Greenflow project
This project is an Airflow-based ETL (Extract, Transform, Load) pipeline that automates the process of fetching data from an external API, uploading it to an S3 bucket, and performing a data transformation using Greenplum.
Key components:
1. Data Fetching and S3 Upload:
The fetch_and_upload_to_s3() function retrieves JSON data from a specified API and uploads it to an S3 bucket. The API URL, bucket name, and object name are dynamically configurable using Airflow Variables, ensuring flexibility across environments.
2. Greenplum Data Transformation:
The run_greenplum_transformation() function connects to a Greenplum database and performs a transformation. It reads data from the S3 bucket as an external table, compares it to an existing Greenplum table, and inserts the unmatched records into a result table.
3. Airflow DAG:
The project is structured as an Airflow Directed Acyclic Graph (DAG), which schedules the execution of the tasks on a daily basis.
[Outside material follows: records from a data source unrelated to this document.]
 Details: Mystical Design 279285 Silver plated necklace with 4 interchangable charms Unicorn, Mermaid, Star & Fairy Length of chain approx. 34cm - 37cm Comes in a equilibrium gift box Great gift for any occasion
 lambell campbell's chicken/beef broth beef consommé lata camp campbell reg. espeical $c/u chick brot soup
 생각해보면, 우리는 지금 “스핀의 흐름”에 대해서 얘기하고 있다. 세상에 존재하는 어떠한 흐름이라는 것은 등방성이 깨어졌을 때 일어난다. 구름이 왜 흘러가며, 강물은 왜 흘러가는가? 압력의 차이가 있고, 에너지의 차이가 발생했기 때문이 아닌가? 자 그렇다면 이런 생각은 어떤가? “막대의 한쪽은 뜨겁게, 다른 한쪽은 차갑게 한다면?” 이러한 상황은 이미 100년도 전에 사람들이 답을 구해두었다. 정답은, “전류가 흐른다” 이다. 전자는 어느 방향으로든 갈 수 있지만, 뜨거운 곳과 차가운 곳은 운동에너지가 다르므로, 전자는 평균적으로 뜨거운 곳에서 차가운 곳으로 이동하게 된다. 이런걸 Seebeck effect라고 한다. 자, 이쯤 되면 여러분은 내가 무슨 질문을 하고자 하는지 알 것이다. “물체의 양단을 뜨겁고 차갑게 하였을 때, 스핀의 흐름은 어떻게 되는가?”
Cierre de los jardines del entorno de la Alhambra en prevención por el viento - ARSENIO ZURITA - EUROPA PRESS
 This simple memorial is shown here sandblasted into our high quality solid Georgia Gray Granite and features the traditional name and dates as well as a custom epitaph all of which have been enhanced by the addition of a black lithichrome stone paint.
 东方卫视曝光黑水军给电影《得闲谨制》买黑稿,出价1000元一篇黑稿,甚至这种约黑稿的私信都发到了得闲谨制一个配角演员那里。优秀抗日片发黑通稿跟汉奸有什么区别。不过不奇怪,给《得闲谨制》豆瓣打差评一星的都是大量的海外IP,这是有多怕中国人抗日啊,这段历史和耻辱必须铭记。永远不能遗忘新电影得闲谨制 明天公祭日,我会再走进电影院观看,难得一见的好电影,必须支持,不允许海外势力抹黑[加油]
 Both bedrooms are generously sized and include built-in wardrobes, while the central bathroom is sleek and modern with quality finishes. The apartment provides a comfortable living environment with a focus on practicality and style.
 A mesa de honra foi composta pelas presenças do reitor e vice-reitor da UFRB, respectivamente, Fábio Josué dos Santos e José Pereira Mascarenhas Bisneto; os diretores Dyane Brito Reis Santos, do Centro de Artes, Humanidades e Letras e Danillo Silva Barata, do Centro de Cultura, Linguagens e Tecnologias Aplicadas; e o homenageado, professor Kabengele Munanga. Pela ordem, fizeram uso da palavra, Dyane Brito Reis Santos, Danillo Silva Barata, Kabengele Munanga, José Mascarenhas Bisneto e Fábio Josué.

First, the data is fetched and uploaded to S3, and then the transformation process in Greenplum is triggered.
Technologies Used:
• Airflow for task orchestration and scheduling.
• boto3 for interacting with the S3 service (Yandex Cloud S3 in this case).
• psycopg2 for executing SQL queries in the Greenplum database.
• requests for fetching data from the API.
This ETL pipeline is modular, reusable, and built for scalability.